Posted 2005-05-29T23:02:00+01:00 in web

Xtech 2005, Little bangs, Rip mix & share, Just do it

May 29, June 5, 11, 2005,

Jeroen Pulles,

Fabrique [design, communicatie & nieuwe media], Delft, The Netherlands

Table of contents:

  1. Introduction
  2. Conference Day 1
  3. Conference Day 2
  4. Conference Day 3
  5. Conclusions

Introduction

Together with colleagues Kamiel Martinet and Sander de Vos I visited the xtech conference in Amsterdam on 24-27 may 2005. What follows here is a brain dump of everything I found interesting and managed to remember.

XTech 2005 is the premier European conference for developers and managers working with XML and Web technologies, bringing together the worlds of web development, open source, semantic web and open standards.

[xtech, planetxtech, proceedings]

Technorati is tracking posts on , which is useful if you want to see what other people thought of xtech.

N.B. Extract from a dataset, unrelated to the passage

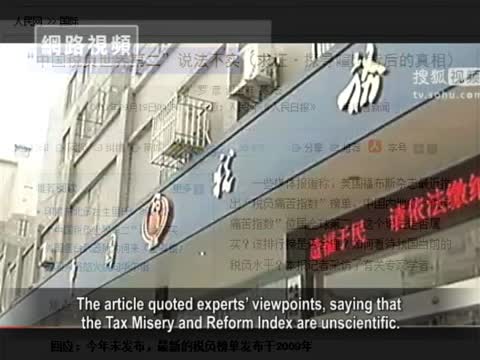 《人民日報》9月19號發表題為「『中國稅負世界第二』說法不實」的文章,引述所謂專家的觀點認為,「稅負痛苦指數」科學性較差,在反映稅負高低問題上存在缺陷,以國際標準「宏觀稅負」衡量,中國稅負並不高。

Various visitors posted photos of xtech on flickr.

Conference days

Wednesday 25 may, 2005

Opening Keynote

Opening Keynote, Paula Le Dieu, BBC, Creative Commons

BBC Creative Archive

Rip, mix and share is the quote I took with me from her presentation.

I appreciate discussion on licensing and copyright in this conference. There's a lot of copyrighted material owned by governments (indirectly) that is there for the benefit of the public. It makes sense to allow people to use that material in various ways. This does not only apply to television history at the BBC, but also to art in government funded (national) galleries, for example.

The various Creative Commons licenses enable this process, within a proper legal setting.

Opening Keynote 2

Opening Keynote, Mike Shaver, Mozilla Foundation

little bangs is the Mozilla strategy. Bring out features at a time. Advance standards one step at a time.

Avalon & XAML: Windows' new Presentation Platform & Markup Language

Avalon & XAML: Windows' new Presentation Platform & Markup Language, Rob Relyea, Microsoft

Rob's blog on Avalon and XAML

I visited Rob's presentation to get a feel for the kind of market Avalon is aiming for. I'm still not sure if this technology will have anything to do with websites or webpages ever. In some ways it competes with CSS/SVG/Flash, so yes we might be seeing XAML objects embedded in webpages. And it might replace the horrible HTML/javascript sample code that MSFT now provides for Media Center. But mostly, it seems to be an XML layer for conventional application development, somewhat analogous to Glade.

Some quotes: from a 2 foot to a 10 foot UI experience, new platform [...] to take advantage of GPU, the website is no way near as impactful as tv

The markup models the UI hierarchy, presentation timeline, etcetera. In that way, it's similar to SVG and SMIL. Various elements in the XAML tree take advantage of the functionality provided by the underlying .NET components. There are no WYSIWYG design applications for Avalon yet, MSFT expects that there will a lot of tools available for Avalon. As of yet, I haven't seen a MacroMedia Flash equivalent for Avalon. Avalon will be released in 2006.

The XAML markup for Avalon is not semantic, in my opinion. The Media Mania demo would be completely different if it were done in current HTML/CSS; The HTML would be a semantic rich document, and the CSS would hold all the eye-candy instructions. This makes XAML stuff (a) hard to scale down a XAML document for "lesser" devices and (b) hard to sell for an exceedingly critical audience hammering on accessibility. From what I understand, MSFT is not aiming for (a).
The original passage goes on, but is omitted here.